The Spring 2025 winners are:
Dr. Mónica Salazar, Senior Lecturer, Department of Art History
Dr. Salazar is a Senior Lecturer in the department of Art History at the University of North Texas, where she teaches courses in postmodernism, theories of contemporary art, as well as the history of photography and modern and contemporary Latin American art. Her research considers questions regarding Mexico’s entrance into the globalized world order and the consequences this has for the visual arts.
Students in her upper-level undergraduate History of Photography course will study holdings in the Byrd Williams Family Photography Collection as inspiration for a creative self-portrait assignment.
Dr. Layla Seale, Visiting Assistant Professor, Department of Art History
Dr. Seale is a Visiting Assistant Professor in the Department of Art History at UNT, specializing in Medieval Art. Her research analyzes how medieval images of demons reveal a broad spectrum of religious and cultural ideologies and anxieties. Recently, her work on demons and labor, titled “Work is Hell: Demon Laborers in Late Medieval Art,” was published in Different Visions, a peer-reviewed, open access journal devoted to progressive art history scholarship.
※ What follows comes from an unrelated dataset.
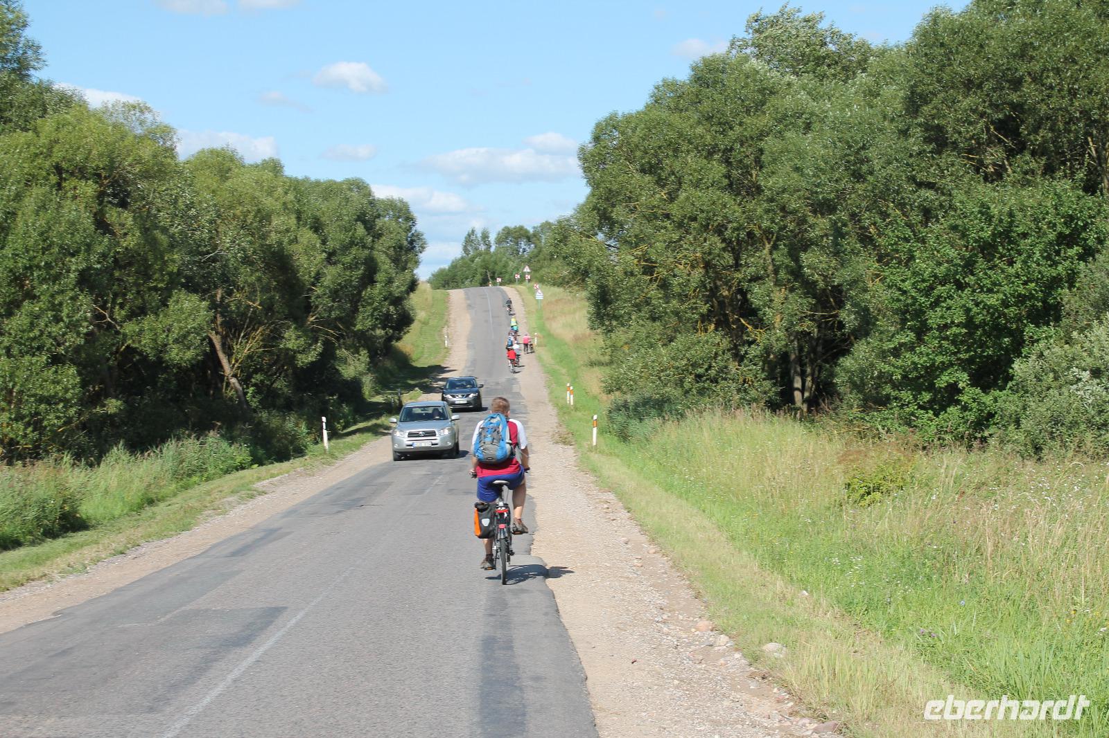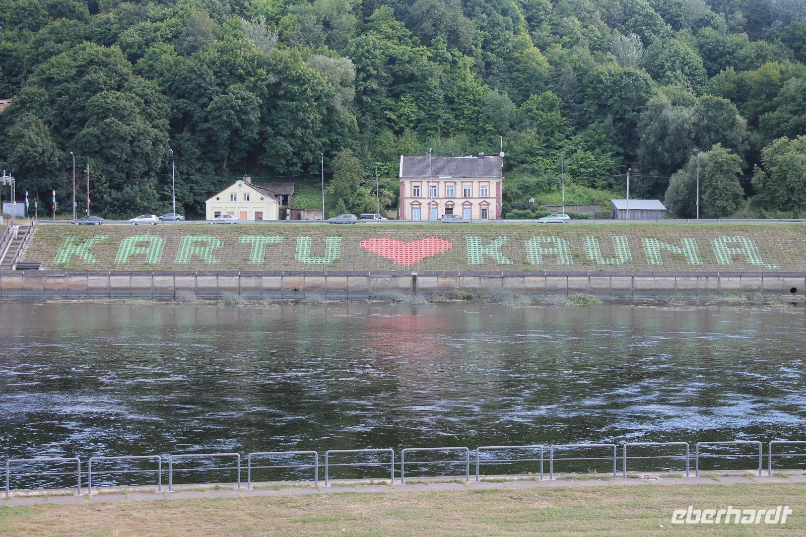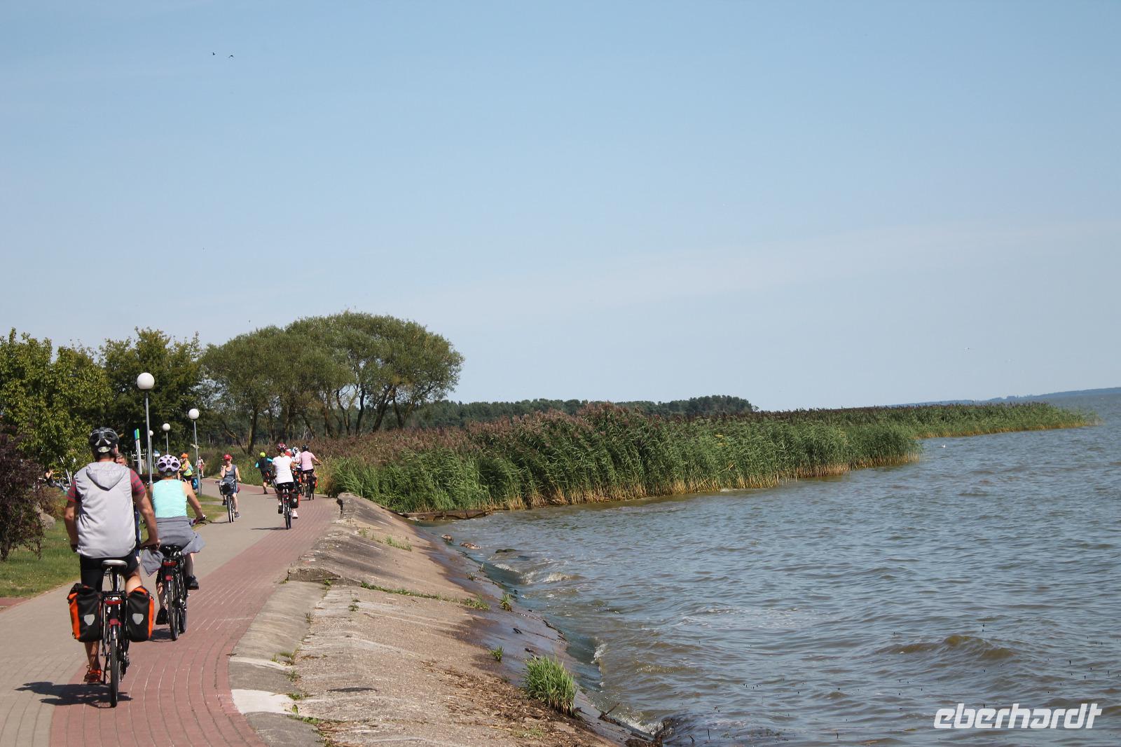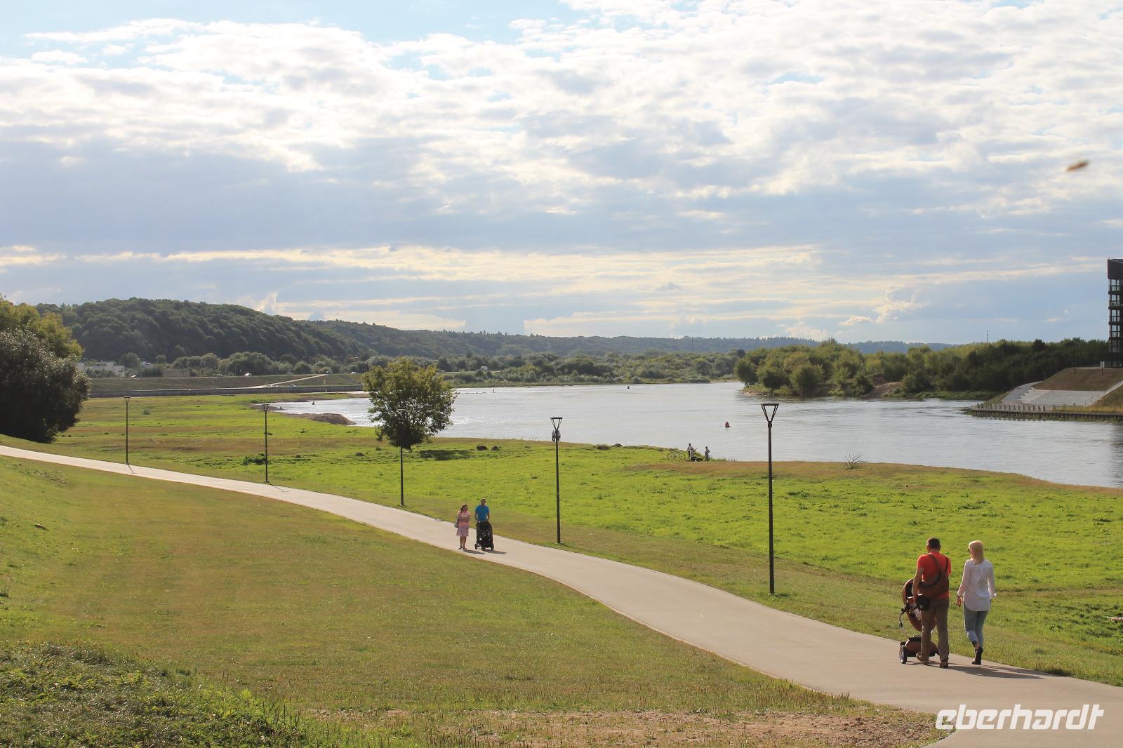 Am Morgen lernten wir zuerst unseren Chauffeur Edvard kennen, als wir unseren Kleinbus beluden und Richtung Trakai aufbrachen. Wir fuhren aus Vilnius hinaus, vorbei am Bernadinensee bis zur berühmten Wasserburg. Diese ehemalige Verteidigungsanlage ist heute ein Heimatmuseum und kostenfrei zu besichtigen. So schlenderten wir in der idyllischen Umgebung umher, verschafften uns einen Eindruck vom Inneren der Burg - und das alles bei strahlend blauem Himmel. Dementsprechend schön blieb das Wetter auch während unserer ersten Fahrradtour Richtung Kaunas. Bei Gegenwind und hügeliger Strecke, durchquerten wir wunderschöne Landschaften. Wir kamen an vielen Feldern vorbei, an Holzhütten und Bauernhöfen, Wiesen und Wäldern, Seen und herrlichen Flecken Erde, an denen man am liebsten hätte länger verweilen wollen. Nach einem kleinen Stopp, um unsere Flaschen wieder zu füllen, fuhren wir die letzte Etappe der knapp 30-Kilometer-Tagestour. An einem Treffpunkt umrundet von mehreren Seen, empfing uns unser Chauffeur und lud die Räder auf. Währenddessen ging man schwimmen oder schlenderte durch die wundervolle, grüne Natur. Mit meinen Dehnübungen konnte ich leider kaum jemanden zum Mitmachen begeistern :-) ... Weiter fuhren wir mit dem Bus in die Stadt Kaunas hin zum Schloss. Hier beobachteten wir ein frisch vermähltes Hochzeitspaar beim Fotoshooting und liefen zum Abschluss des Tages durch die relativ ruhige Stadt.

Undergraduate students in her art history course, Illuminating the Middle Ages: The Art of Medieval Manuscript, will analyze UNT Special Collection’s rich collection of medieval manuscript leaves and fragments during multiple visits, and submit written responses explaining their reactions to the materiality of these objects with the option of submitting a creative assignment replicating the techniques they analyzed. During individual visits, students will also consult the robust collection of illuminated manuscript facsimiles.
Congratulations, Dr. Salazar and Dr. Seale! UNT Special Collections is excited to work with you and your students this semester!